Wonderful the work of Jesus, that not only did He bear the judgment of God, but He died and shed His precious blood on the cross, He who came “not by water only, but by water and blood”, 1 John 5: 6. The Holy Spirit would emphasise the efficacy of the blood. Without the shedding of blood, there could be no remission, no remedy for guilty sinners like this young man, like you and me. What a remedy it is - the forgiveness of offences (Eph 1: 7), every one of them! “God, being rich in mercy, because of his great love wherewith he loved us, (we too being dead in offences,) has quickened us with the Christ”, chap 2: 4-5. He “so loved the world, that he gave his only-begotten Son, that whosoever believes on him may not perish, but have life eternal”, John 3: 16. Through the work of Jesus there is “propitiation for our sins, but not for ours alone, but also for the whole world”, 1 John 2: 2. “He is the propitiation for our sins”, His was the blood, and His was the work of atonement.
Where was the hope for this young man, a product of Egypt with an Amalekite for his master?
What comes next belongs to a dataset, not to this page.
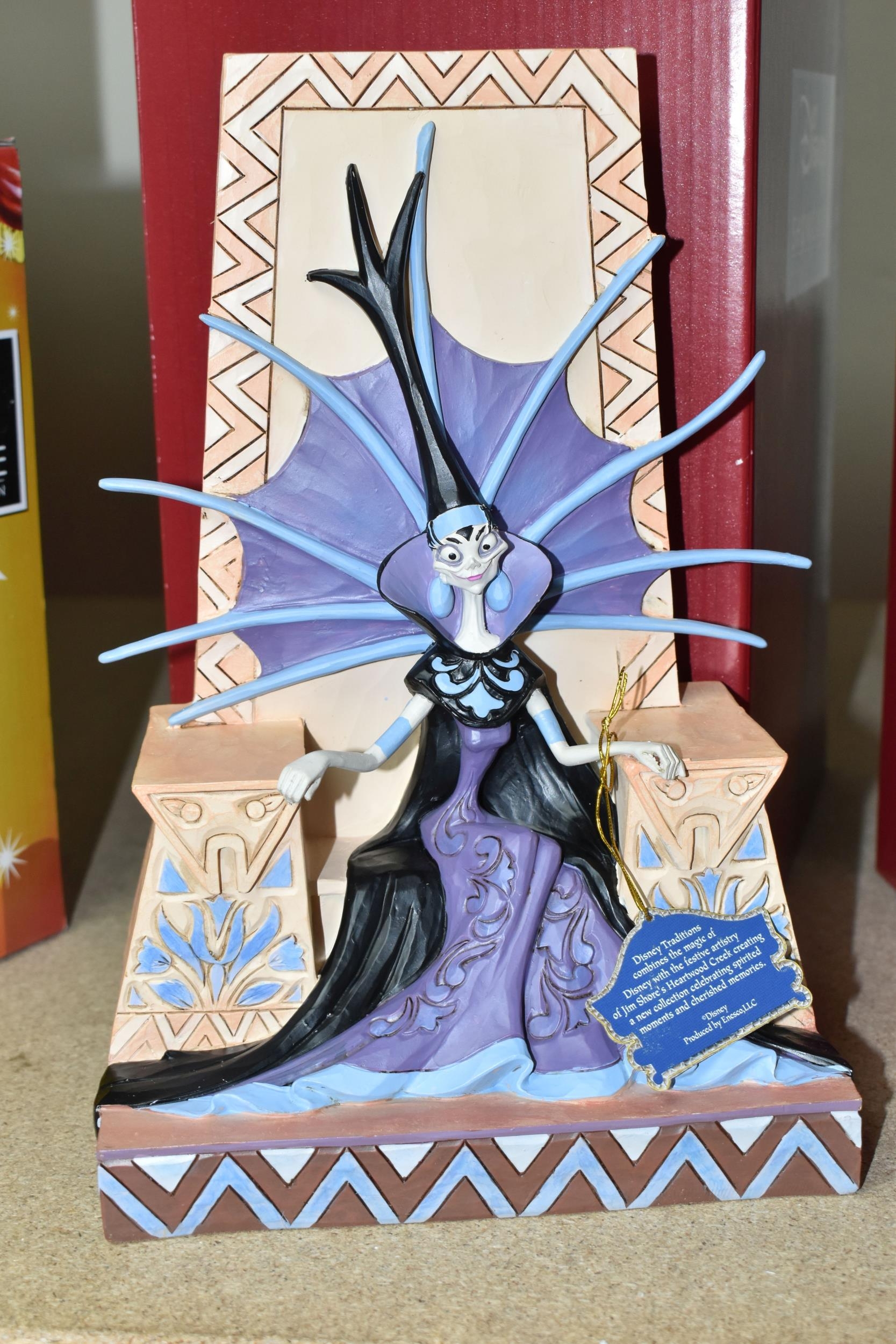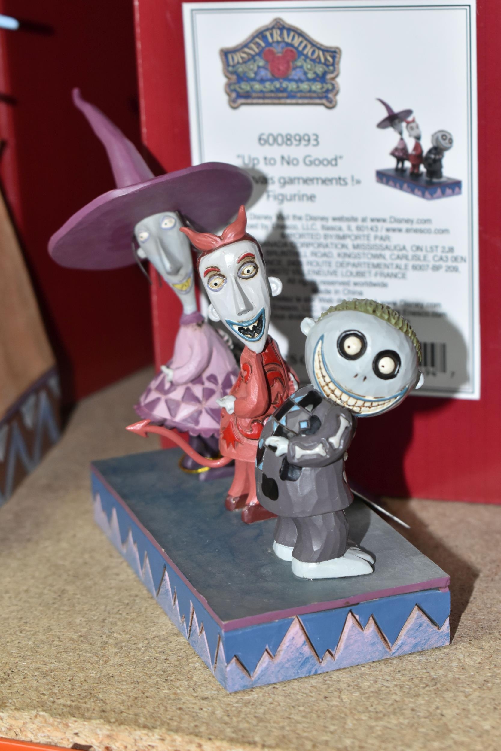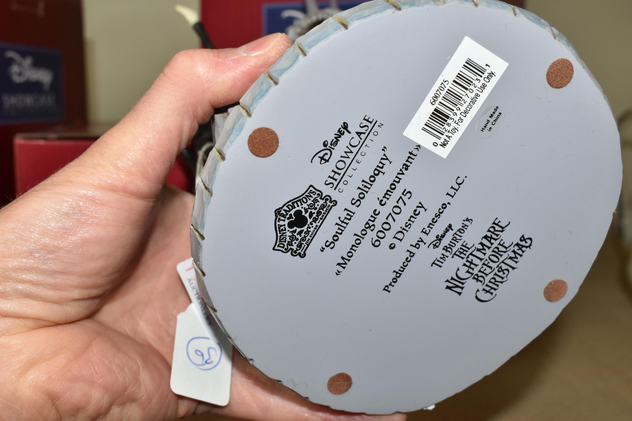 THREE BOXED ENESCO DISNEY SHOWCASE COLLECTION FIGURES, by Jim Shore, comprising The Nightmare Before Christmas 'Soulful Soliloquy' no 6007075 and 'Up to No Good' no 6008993, with 'Emaciated Evil' no 6008061 (3 + 3 boxes) (Condition Report: all appear in good condition, occasional tiny paint chips)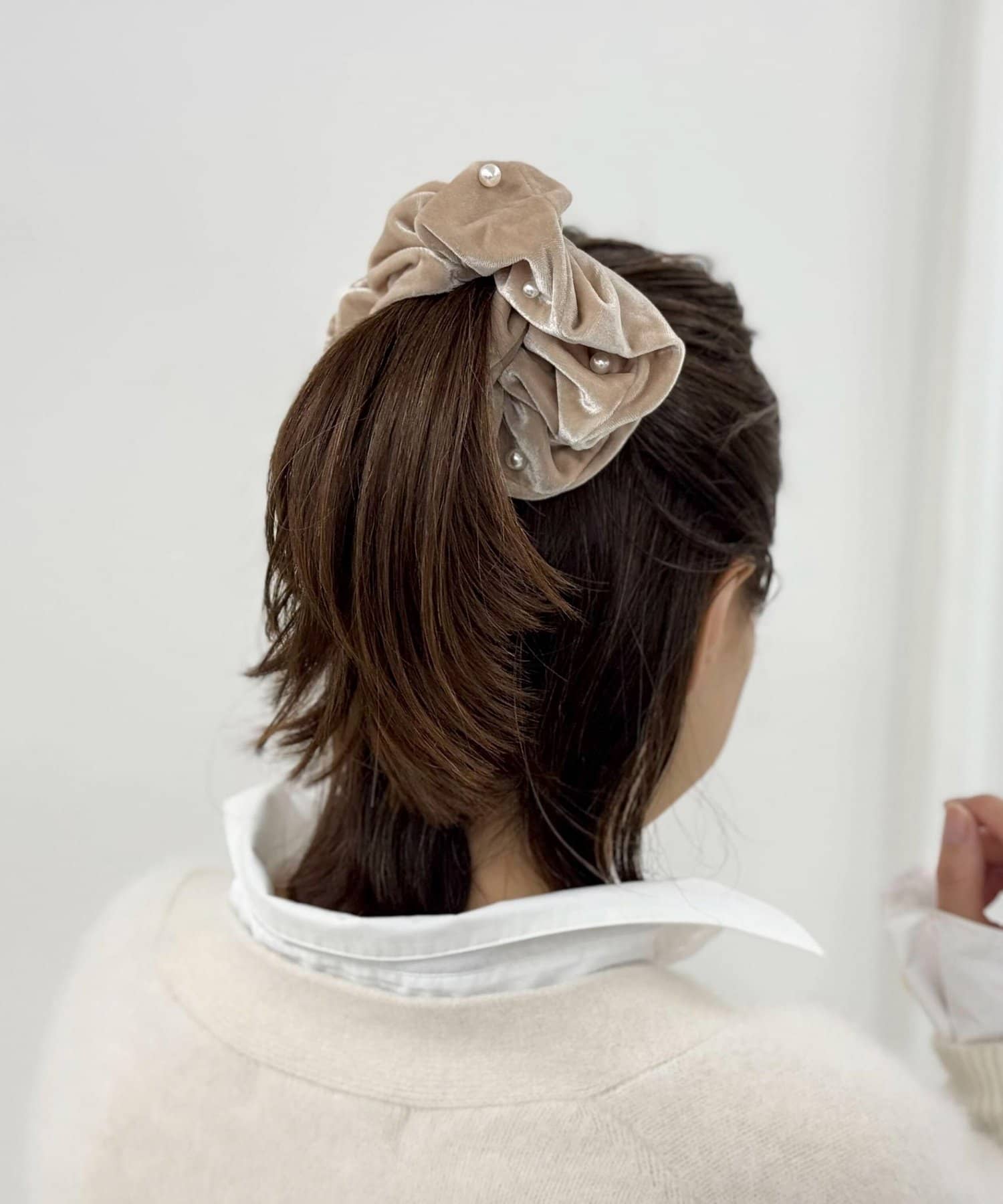 ・ベロア特有のなめらかな光沢が、動くたびに繊細な表情を生み出し、さりげない華やかさをプラス

But the glory of the transforming power of the glad tidings is that he was transferred typically to another Master. He moved from the master who had dominated his life as under sin to come under the influence and authority of another Master, one who speaks to us of the Lord Jesus Christ. What a change! No more the unrelenting toil as under our former master, but now happy subjection to the Lord Jesus, who says, “my yoke is easy, and my burden is light”, Matt 11: 30. What a wonderful Master He is. What resource He makes available: they “gave him bread, and he ate; and they gave him water to drink, and gave him a piece of fig-cake and two raisin cakes, and he ate, and his spirit came again to him”, v 11. The reviving power of Jesus, how glorious it is! They gave him water to drink. Isaiah 21 says, “Bring ye water to meet the thirsty!”, v 14. That is what God does in the glad tidings; He brings water to meet the thirsty soul. Then bread to relieve the hunger pangs of three days and nights without food. The Lord Jesus is the Bread of Life (John 6: 35), the One “who comes down out of heaven, and gives life to the world,” John 6: 33. How precious that the Lord Jesus Christ, having come to a rejecting world, has the capacity to satisfy the desires, the longings, of every living thing. He opens His hand and satisfies “the desire of every living thing”, Ps 145:16. So they “gave him bread, and he ate, and they gave him water to drink, and gave him a piece of fig-cake … ”; what resource there is for the needy, what mercy and grace for the sinner, the cleansing power of His blood to wash his sins away.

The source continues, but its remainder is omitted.